C’est un film d’amour, un film sur la perte, parfois drôle, parfois terrible mais avec une juste distance. Un film où s’opère avec infiniment de pudeur, à pas feutrés, sans pathos, une transmission.
Un film qui vagabonde en sourdine, s’évade parfois dans de grands espaces désertiques mais dont on devine très tôt la destination finale.
La mort de la mère n’est pas montrée. Un rideau qu’on tire, une pièce tout à coup plongée dans la pénombre et livrée au silence suffisent.
Le film s’ouvre sur un long plan fixe qui montre un arbre malmené par un vent violent. Le temps est interminable tant que le bruit le soutient, le garde en vie.
La photographie est contrastée, les atmosphères; des couleurs vives viennent en contrepoint aux ocres de paysages désertiques.
A l’absence difficile succèdent les moments d’échange et de présence chaleureuse, à un petit déjeuner copieux avalé avec appétit, le refus de toute nourriture.
A la réduction des distances grâce aux technologies modernes, la réalité de l’éloignement et de la solitude.

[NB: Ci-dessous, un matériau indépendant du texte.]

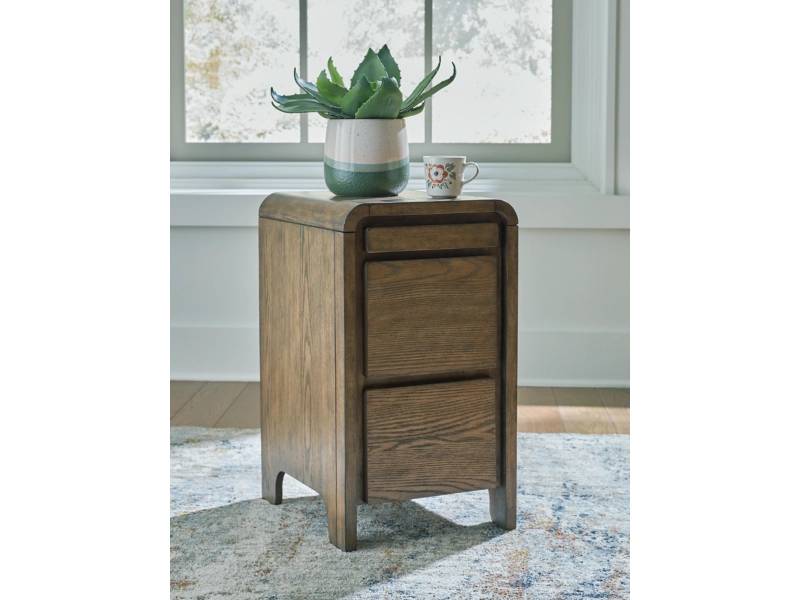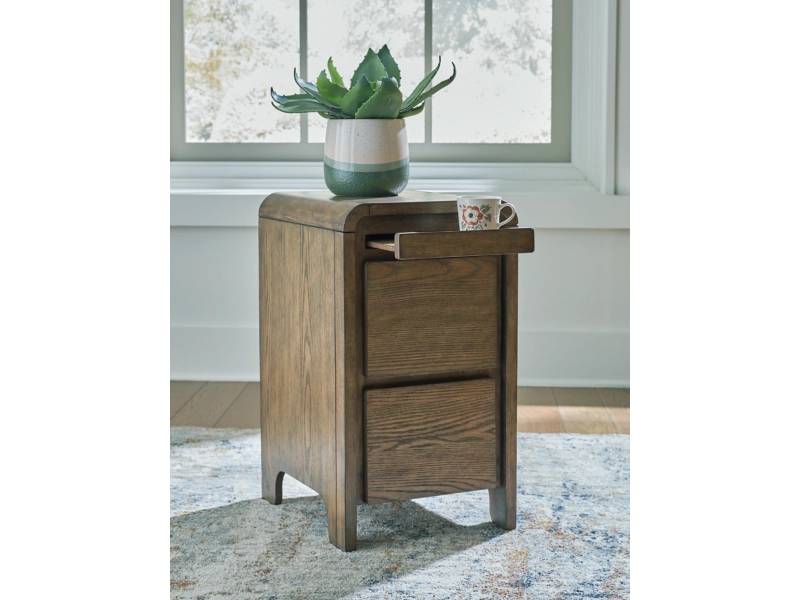 In the market for furniture that combines contemporary form with smart functionality? Look no further than the Jensworth accent table. Its drawers keep essentials within reach, while the pull-out tray easily holds nibbles and drinks. And its USB charging options make it easy to stay powered up. Hosting or lounging, this table has you covered in style.
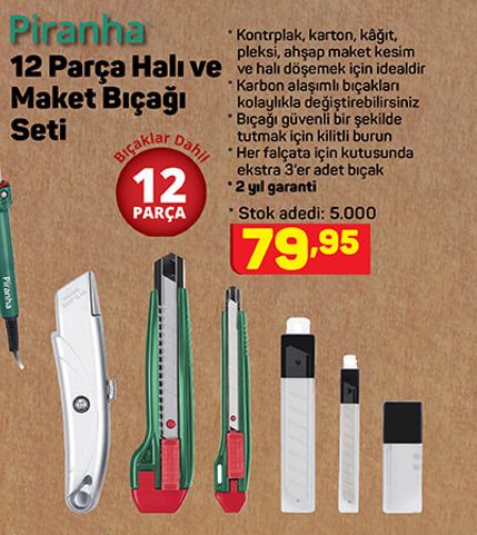 Piranha 12 Parça Halı ve Maket Bıçağı Seti: 79, 95 TL
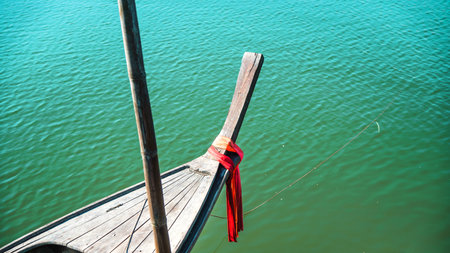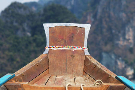 Photos of the bow ship head with red cloth tied. View from head of traditional wooden boat with red cloth tied. fishing boat, traditional thailand longtail boat, Andaman sea.
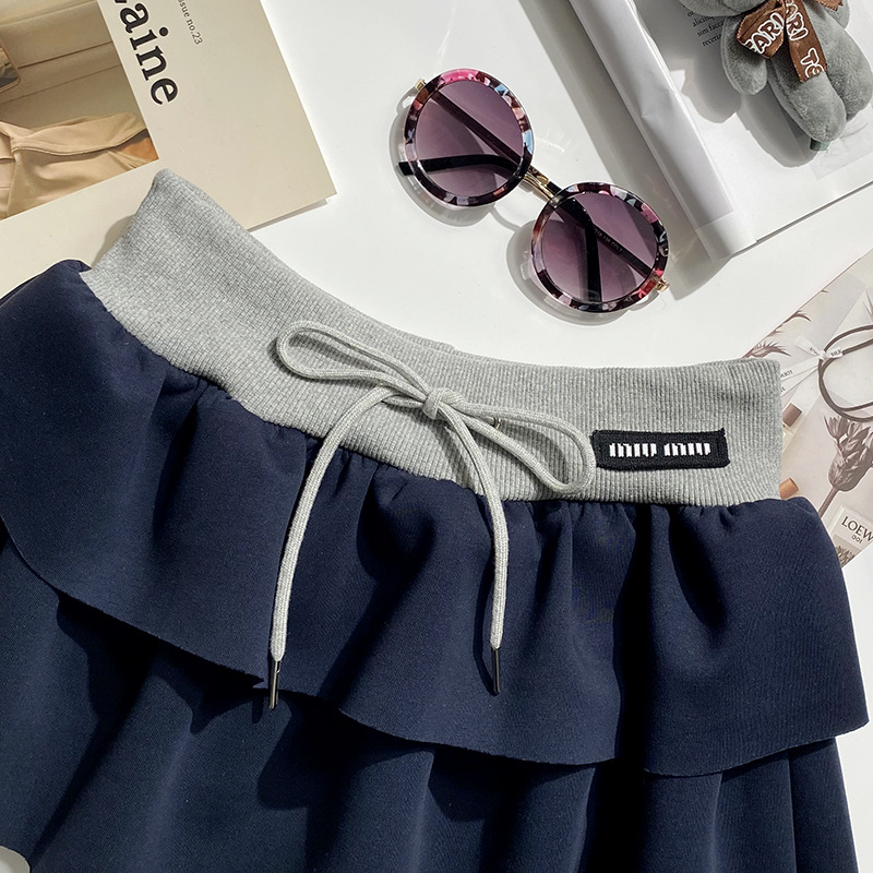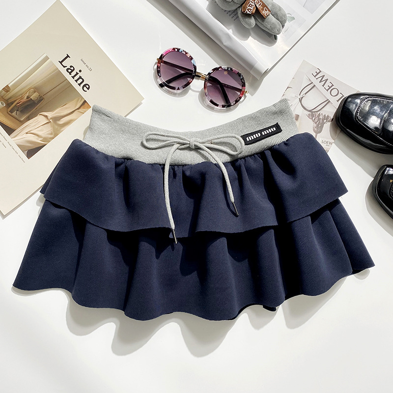 신축성 있는 허리밴드 이중 레이어 러플 케이크 스커트 여성 패션 다용도 슬림핏 배색 미니 스커트 9047

« Le film avance à petits pas comme on entre dans l’appartement de Bruxelles où une femme marche avec la grâce fragile de celle qui doit garder un équilibre précaire » disait de « No home movie », Chantal Akerman.
Un film crépusculaire.
« No home movie » allait être sa dernière réalisation. Chantal Akerman disparaissait peu de temps après le Festival de Locarno où son film figurait dans la sélection officielle, en octobre 2015.